Just caught Snowflake's latest earnings and honestly, there's not much melting happening here. The stock is down over 20% year to date, but the company itself? Still firing on all cylinders.



Let me break down what caught my attention. Q4 revenue hit $1.28 billion, up 30% year over year. That's the kind of growth most SaaS companies would kill for right now. Product revenue specifically climbed to $1.23 billion, also 30% growth. Even the bottom line is holding steady - adjusted EPS came in at $0.32 versus $0.30 last year, beating the $0.27 consensus.
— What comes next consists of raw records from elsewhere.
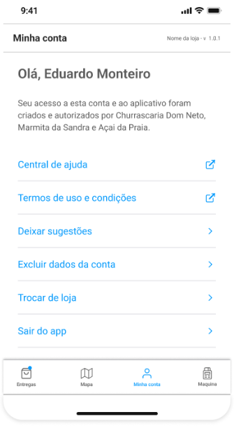 - Se o entregador estiver cadastrado em apenas um estabelecimento, o aplicativo iniciará automaticamente, sem necessidade de seleção
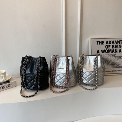 2023 Châu Âu Mới Túi Nữ Thích Hợp Túi Dây Xích Thời Trang Bong Bóng Da Cừu Đeo Vai Túi Bucket Túi
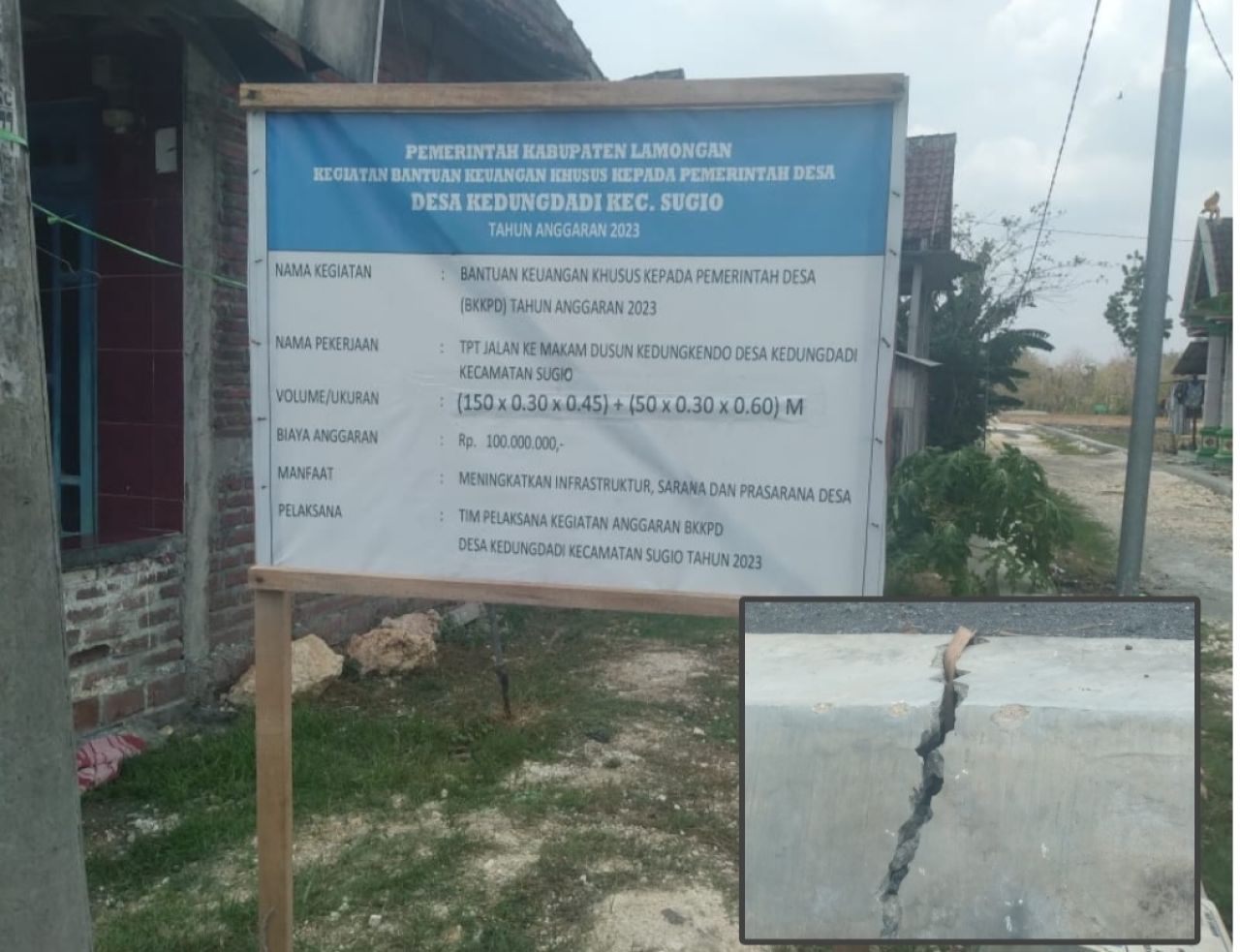 Lamongan (BeritaKeadilan, Jawa Timur)- Bangunan proyek Tembok Penahan Tanah ( TPT) dengan volume pekerjaan kurang lebih sekitar 200 meter, yang berada di Dusun Kedungkendo, Desa Kedungdadi, Kecamatan Segio, kini kondisinya pecah dan retak- retak, Senin (20/11/2023).
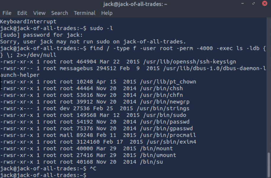 sudo -lto list allowed sudo commandsfind / -type f -perm -4000 2>/dev/nullto find SUID binariesstringson interesting binaries or files (e.g.,/usr/bin/strings,/root/notes, etc.)- Search for leftover notes, credentials, or scripts in
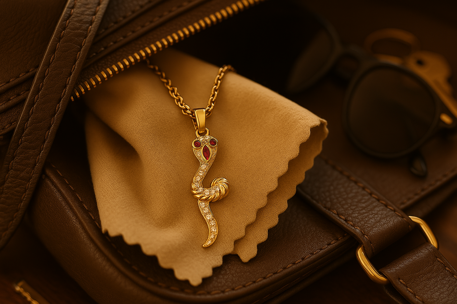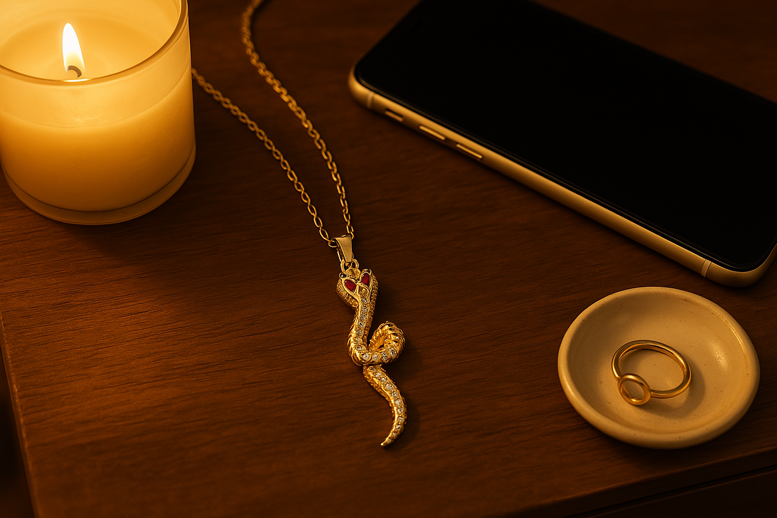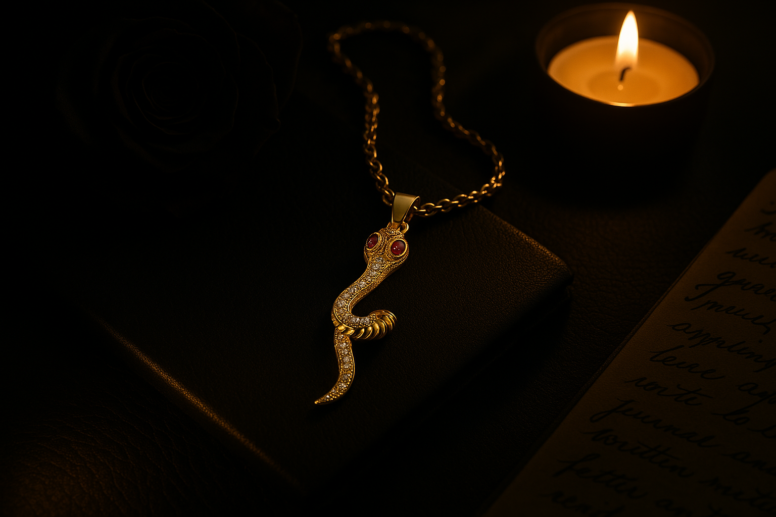 Make a statement that’s both ancient and timeless. The Gold Snake Pendant Necklace channels the powerful symbolism of transformation, inner strength, and wisdom. Crafted in glowing 18k gold-plated sterling silver, the snake’s body is encrusted with shimmering stones, while the striking red crystal eyes add a touch of mystique.

What's really interesting is their net revenue retention rate sitting at 125% over the past 12 months. For those not tracking this metric, anything above 100% means existing customers are spending more even after accounting for churn. That's the definition of a moat.

The customer metrics show no signs of melting either. They added 740 new customers, up 40% year over year. More importantly, their high-value segment is expanding - 733 customers now spending over $1 million annually (up 27%), and they've got 56 customers each spending more than $10 million. They even landed a $400 million deal this quarter, their largest ever.

For the full year, management is guiding product revenue to roughly $5.66 billion, representing 27% growth. That's not conservative, that's confident. Q1 specifically, they're projecting $1.262 to $1.267 billion in product revenue with 9% adjusted operating margins.

Now here's where it gets nuanced. The stock's valuation hasn't completely melted away like other SaaS names. Trading at 10x forward price-to-sales is reasonable for a company growing 27-30%, but it's not exactly a screaming bargain either. Most of the sector got beaten down much harder.

The AI narrative around Snowflake is legitimate too. With over 2,500 accounts now using Snowflake Intelligence and their Cortex Code agent gaining traction, they're positioning themselves right where data infrastructure meets AI. That's not hype, that's structural.

The real question isn't whether Snowflake is a quality business - it clearly is. The question is whether the current valuation leaves room for meaningful upside in the near term. You're paying for quality and growth, but you're not getting it at a discount. Could be worth watching for a better entry point, or if you believe in the AI data warehouse thesis long-term, the current price might look cheap in a few years. Either way, this company shows no signs of melting under pressure.